Value of probability mass function at farm samples:
[1.39702523e-06 4.92175621e-07 2.38520122e-06 1.86885540e-07]

Dirichlet posterior is:
[6.18481533e-05 6.23325987e-06 6.49976817e-05 1.13645796e-06]


In [73]:
# For father == unskilled:
mult_unskilled = stats.multinomial(unskilled, [1/4, 1/4, 1/4, 1/4])
num_samples = 4
print('Generating', num_samples, 'samples for father == unskilled:')
samples_unskilled = mult_unskilled.rvs(size=num_samples)
print(samples_unskilled)
print('')
print('Value of probability mass function at unskilled samples:')
print(mult_unskilled.pmf(samples_unskilled))
print('')

# Multiplying the Dirichlet prior by the multinomial likelihood:
print('Dirichlet posterior is:')
print(dirichlet.pdf(samples.transpose())*mult_unskilled.pmf(samples_unskilled))

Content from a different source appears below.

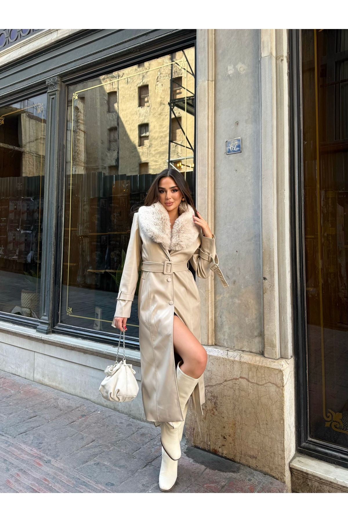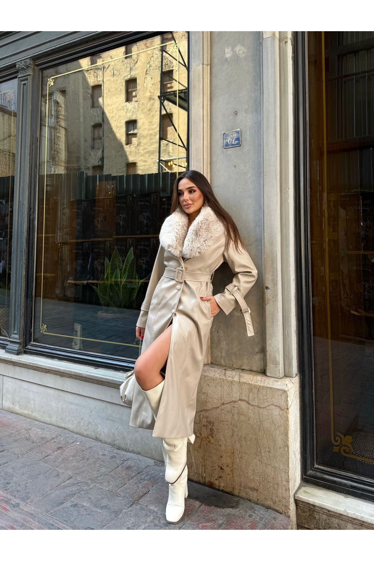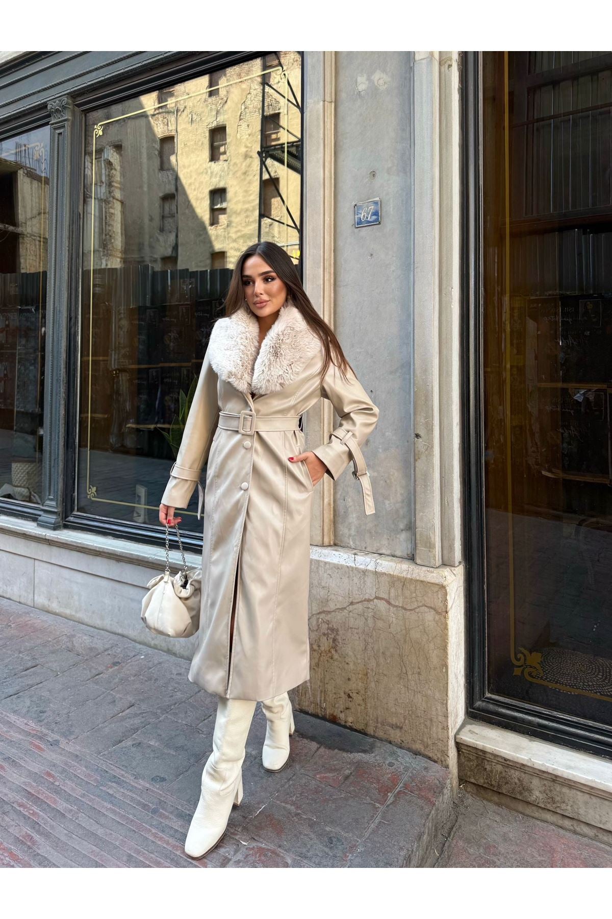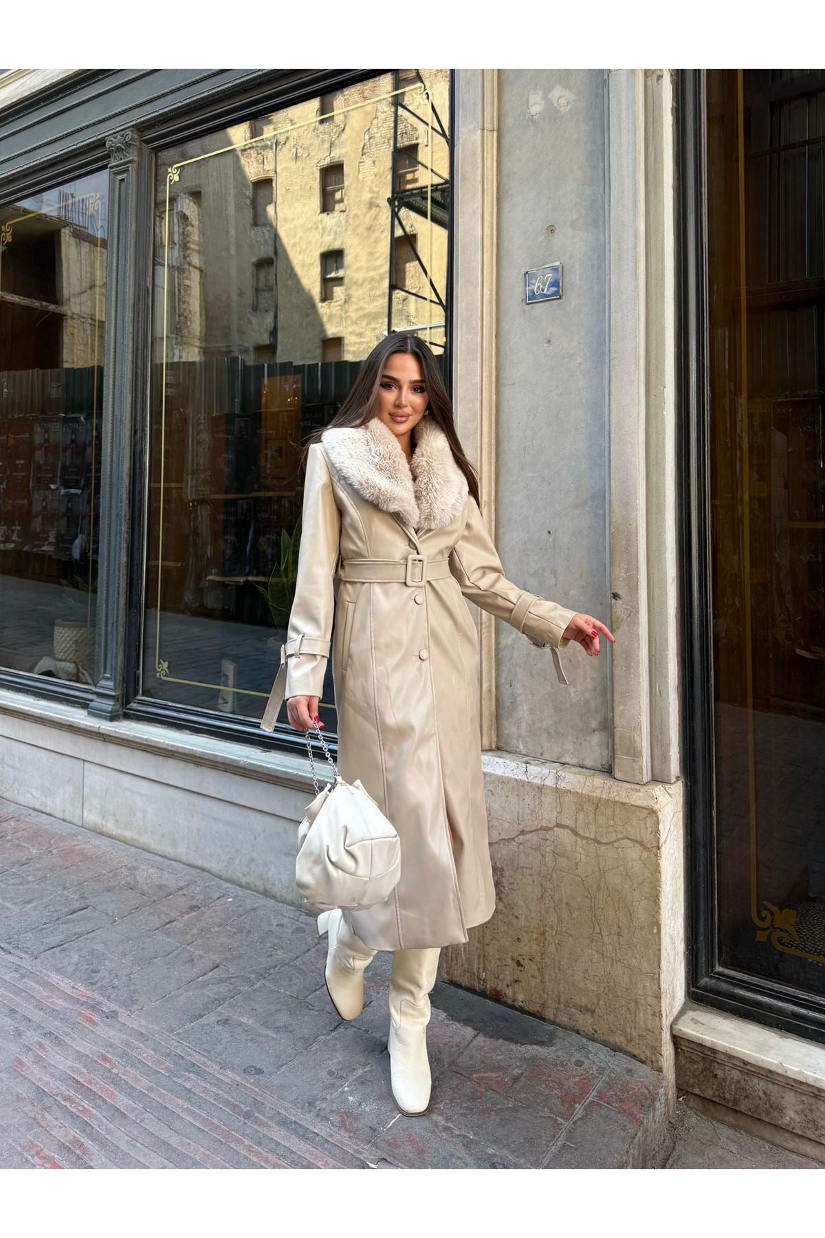 Luxo, conforto e elegância numa única peça! O casaco comprido bege com gola em pêlo é indispensável no guarda-roupa feminino, oferecendo sofisticação e conforto nos dias frios sem perder o estilo.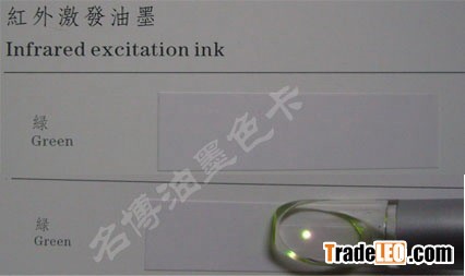 Infrared excitation ink is one of the highest anti-forgery product ,which made of infrared lighten material mixed with binder ,researched and developed with special handcrafted. It looks colorless in appearance, giving off visible light when exposed to infrared light(980nm).with the features of high technology content and high anti-forgery capability.Color:

Generating 4 samples for father == unskilled:
[[1264 1340 1227 1181]
 [1246 1258 1231 1277]
 [1286 1252 1210 1264]
 [1232 1241 1222 1317]]

Value of probability mass function at unskilled samples:
[1.31911604e-08 1.82139939e-06 8.40623261e-07 3.08477345e-07]

Dirichlet posterior is:
[5.83990104e-07 2.30674889e-05 2.29073181e-05 1.87586228e-06]


In [74]:
# For father == skilled:
mult_skilled = stats.multinomial(skilled, [1/4, 1/4, 1/4, 1/4])
num_samples = 4
print('Generating', num_samples, 'samples for father == skilled:')
samples_skilled = mult_skilled.rvs(size=num_samples)
print(samples_skilled)
print('')
print('Value of probability mass function at skilled samples:')
print(mult_skilled.pmf(samples_skilled))
print('')

# Multiplying the Dirichlet prior by the multinomial likelihood:
print('Dirichlet posterior is:')
print(dirichlet.pdf(samples.transpose())*mult_skilled.pmf(samples_skilled))

Generating 4 samples for father == skilled:
[[1528 1523 1495 1521]
 [1521 1527 1512 1507]
 [1495 1488 1544 1540]
 [1516 1543 1524 1484]]

Value of probability mass function at skilled samples:
[1.72995639e-06 1.98539702e-06 9.17490927e-07 1.18041262e-06]

Dirichlet posterior is:
[7.65874557e-05 2.51444708e-05 2.50019926e-05 7.17813332e-06]


In [75]:
# For father == farm:
mult_professional = stats.multinomial(professional, [1/4, 1/4, 1/4, 1/4])
num_samples = 4
print('Generating', num_samples, 'samples for father == professional:')
samples_professional = mult_professional.rvs(size=num_samples)
print(samples_professional)
print('')
print('Value of probability mass function at professional samples:')
print(mult_professional.pmf(samples_professional))
print('')

# Multiplying the Dirichlet prior by the multinomial likelihood:
print('Dirichlet posterior is:')
print(dirichlet.pdf(samples.transpose())*mult_professional.pmf(samples_professional))

Generating 4 samples for father == professional:
[[1338 1363 1335 1272]
 [1317 1332 1375 1284]
 [1363 1275 1281 1389]
 [1342 1355 1291 1320]]

Value of probability mass function at professional samples:
[4.75625496e-07 5.25629175e-07 6.18915653e-08 1.07985813e-06]

Dirichlet posterior is:
[2.10565693e-05 6.65693931e-06 1.68656976e-06 6.56665766e-06]


I'm not sure how to calculate the 95% confidence interval over the posterior probability - the values that I got above seem awfully small.